И еще Павлиния утверждала:
«Нам, медицинским работникам, надлежит быть ко всем больным помягче, поснисходительней, это наша наипервейшая обязанность».
Смешная старуха была эта самая Павлиния, впрочем, неплохая, душевная, всех жалела, даже предлагала частенько в долг кому рубль, кому три из своей крошечной зарплаты. Находились такие, что брали у нее в долг и не удосуживались отдать, а она не напоминала никогда, хотя была одинока и, надо думать, изрядно нуждалась.
Неужели и вправду в Бочкаревой говорит не врожденное ехидство, а просто-напросто болезнь, измучившая ее?
Зоя Ярославна перевела взгляд на соседку Бочкаревой, молоденькую Лизу Корытову, работницу 1-го часового завода.
У Лизы, совсем недавно вышедшей замуж, камни в желчном пузыре.
Операция неизбежна, так дружно считают все врачи, но почему-то Лиза стала температурить, врачи настойчиво ищут причины, не могут добиться снижения температуры, все время тридцать семь и четыре, тридцать семь и семь.
По ночам, Зоя Ярославна знала, Лиза плачет, боится, как бы не надоесть своей хворобой молодому мужу. Она аккуратно принимает все лекарства, терпеливо переносит любые уколы, но до операции еще далеко. Как пройдет операция? И что будет с Лизой после операции? Как она перенесет ее?
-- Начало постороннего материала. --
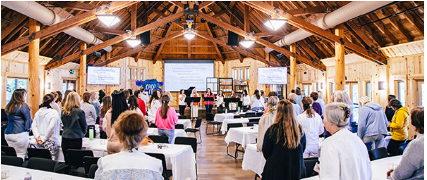
Служение во время ретрита

Кто знает…
Как-то Зое Ярославне довелось видеть Лизиного мужа.
Такой же молодой, ясноглазый, с простодушными губами, он походил на Лизу словно родной брат.
Они сидели рядышком в коридоре, он держал в своих ладонях Лизину руку, молча поглядывая на Лизу часто моргающими печальными глазами.
Само собой, он удручен, опечален болезнью жены, должно быть, ждет не дождется, когда-то она вернется домой, но сколько еще он будет ждать? Хватит ли у него терпения или ему надоест вся эта затянувшаяся история?
А Лиза, тяжело больная, страдающая и физически, и нравственно, совсем не озлоблена, никому не завидует, не пышет ненавистью, а, напротив, удивительно добра, стремится всем услужить, помочь чем только может…
Зоя Ярославна подошла к Лизе, погладила ее по голове. Ощутила под своей рукой мягкие, пушистые волосы, разделенные пробором посередине.
Лиза улыбнулась ей:
— Сегодня у меня хороший анализ, гемоглобин был сорок два, а теперь уже сорок четыре!
Опасливо покосилась на Бочкареву, свою соседку. Может быть, Бочкарева позавидует тому, что у Лизы гемоглобин стал лучше?
Лиза торопливо добавила:
— Но, конечно, я понимаю, если гемоглобин выше, это все же не все.
— Ясное дело, — насмешливо подхватила Бочкарева. — Бывает и так: у человека опухоль самая что ни на есть злокачественная, а гемоглобин хороший, сами врачи даже дивятся…
Повернула голову к Лизе, переспросила с улыбкой, словно бы мягкой, но, как подумалось Зое Ярославне, таившей в себе некую опасность:
— Сорок четыре? А было сорок один?
— Сорок четыре, — радостно подтвердила Лиза.
— Да это же одно и то же, — четко произнесла Бочкарева, голубые глаза ее с наслаждением оглядели Лизину разом погасшую мордочку. — Что сорок один, что сорок четыре — один черт. Все равно мало, очень даже мало, все равно тебе еще лежать да лежать в больнице до скончания века, что, неправду говорю?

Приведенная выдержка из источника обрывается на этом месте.